AMY GOODMAN: Do they, really?

NERMEEN SHAIKH: In other words—

JULIA ANGWIN: Well, that’s a question. That’s a question. So, maybe they like the perception of privacy. The problem we have with a lot of these tools is we don’t have good standards of auditing, and so it’s hard to know whether companies that say they’re doing something to protect your privacy are actually doing it. And that’s one thing I recently wrote an op-ed about, which is that I think that we also kind of need the equivalent of like organic food standards, which is like something needs to meet a minimum threshold before it can market itself as private.

AMY GOODMAN: Do you believe these companies, Google and Yahoo, when they say, “We are outraged! We are absolutely outraged that the government”—for example, with the Yahoo chats—”is using, looking at, grabbing photographs and images from our chats”?

JULIA ANGWIN: I suspect that they might well be outraged, actually, because they—you know, what’s interesting about all these companies is they’re all in a race to hoard as much data as possible. And so, to them, this is sort of their information has been stolen from them, and it’s hurting their reputation with their customers. So I kind of believe that they are upset. I think they were perfectly happy to cooperate with the secret court orders. It doesn’t appear that there has been—I mean, there was one fight Yahoo had with the FISA court, and maybe those fights are unwinnable. But we don’t know how hard they have fought on the legal battles. But I think most of these companies are pretty outraged about the hacking into their technology. You know, Microsoft, amazingly, came out with a statement saying that “the new biggest threat that we’re defending ourselves against is no longer Chinese hackers; it’s the NSA,” which is, you know, shocking for Microsoft to say that.
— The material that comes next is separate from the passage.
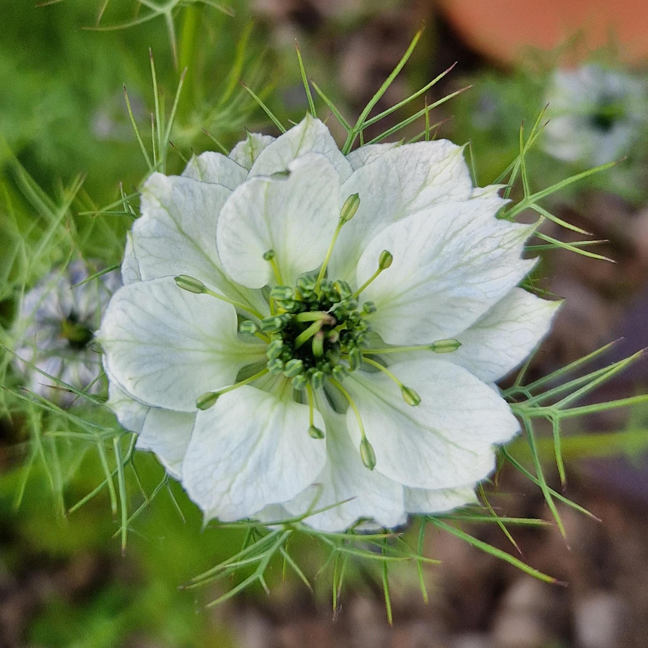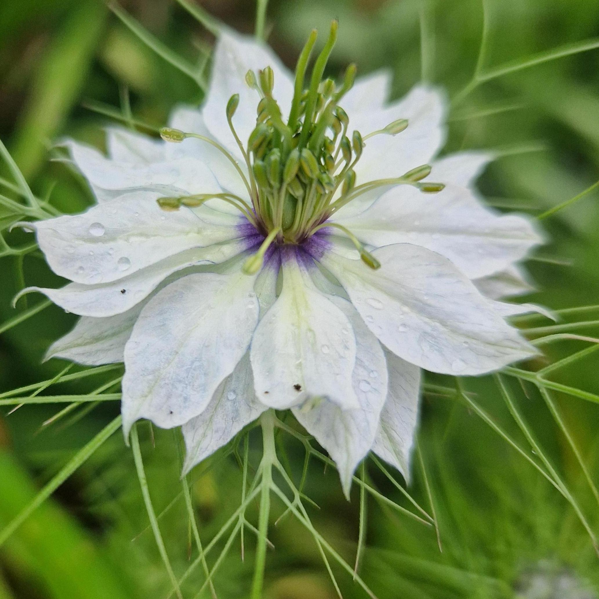 Love-in-a-mist, Devil in the bush, Bird's nest, Blue spiderflower, Blue crown, Chase-the-devil, Jack in prison, Jack in the green, Katherine's flower, Kiss-me-twice-before-I-rise, Lady in the bower, Love-in-a-puzzle, Love-in-a-tangle, St Catherine's flowe

AMY GOODMAN: We’ve been speaking with Julia Angwin. Her new book is Dragnet Nation: A Quest for Privacy, Security, and Freedom in a World of Relentless Surveillance, Pulitzer Prize-winning investigative journalist, formerly at The Wall Street Journal, now at ProPublica. We’re also joined by Ray McGovern, who is a former CIA analyst, whose duties included chairing the National Intelligence Estimates. He briefed President George H.W. Bush daily. We’re also joined by Mike German, who worked for the FBI and is now at NYU’s Brennan Center for Justice. And for, oh, about 15 years, he served as an FBI agent dealing with the issue of counterterrorism.

I wanted to ask about a front-page piece in today’s New York Times. It’s by Charlie Savage and Laura Poitras, so you know it’s going to be interesting. Laura, who lives in Germany now, concerned about coming into the United States, how many times did she come into the United States—she’s the one who filmed Edward Snowden, she and Glenn Greenwald, in those first interviews when he went to Hong Kong. How many times before that, in the years before that, did she come into the United States and get stopped at airports and interrogated? And when she took out a pen and tried to write down the questions, they would go after her further and become extremely aggressive. Laura Poitras, who is an award-winning filmmaker. So, it’s very interesting when you see her name on any story, and Charlie Savage does great work.
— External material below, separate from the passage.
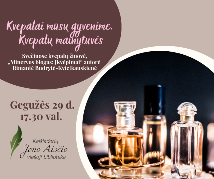 Kviečiame praleisti jaukų moterišką vakarą kvapų apsuptyje. Kalbėsime apie kvepalų istoriją, kvapus ir kvepalus literatūroje, nagrinėsime kvepalų pavyzdžius.
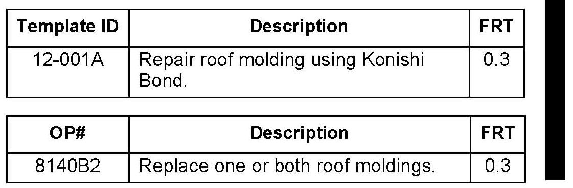Use the Template ID only if the roof molding was repaired with Konishi Bond.*

The story is headlined “How a Court Secretly Evolved, Extending U.S. Spies’ Reach.” And it says, “Ten months after the Sept. 11 attacks, the nation’s surveillance court delivered a ruling that intelligence officials consider a milestone in the secret history of American spying and privacy law. Called the 'Raw Take' order—classified docket No. 02-431—it weakened restrictions on sharing private information about Americans, according to documents and interviews.

“The administration of President George W. Bush, intent on not overlooking clues about Al Qaeda, had sought the July 22, 2002, order. It is one of several still-classified rulings by the Foreign Intelligence Surveillance Court described in documents provided by Edward J. Snowden, the former National Security Agency contractor.

“Previously, with narrow exceptions, an intelligence agency was permitted to disseminate information gathered from court-approved wiretaps only after deleting irrelevant private details and masking the names of innocent Americans who came into contact with a terrorism [suspect]. The Raw Take order significantly changed that system, documents show, allowing counterterrorism analysts at the N.S.A., the F.B.I. and the C.I.A. to share unfiltered”—and we now move on to page A-18—”unfiltered personal information.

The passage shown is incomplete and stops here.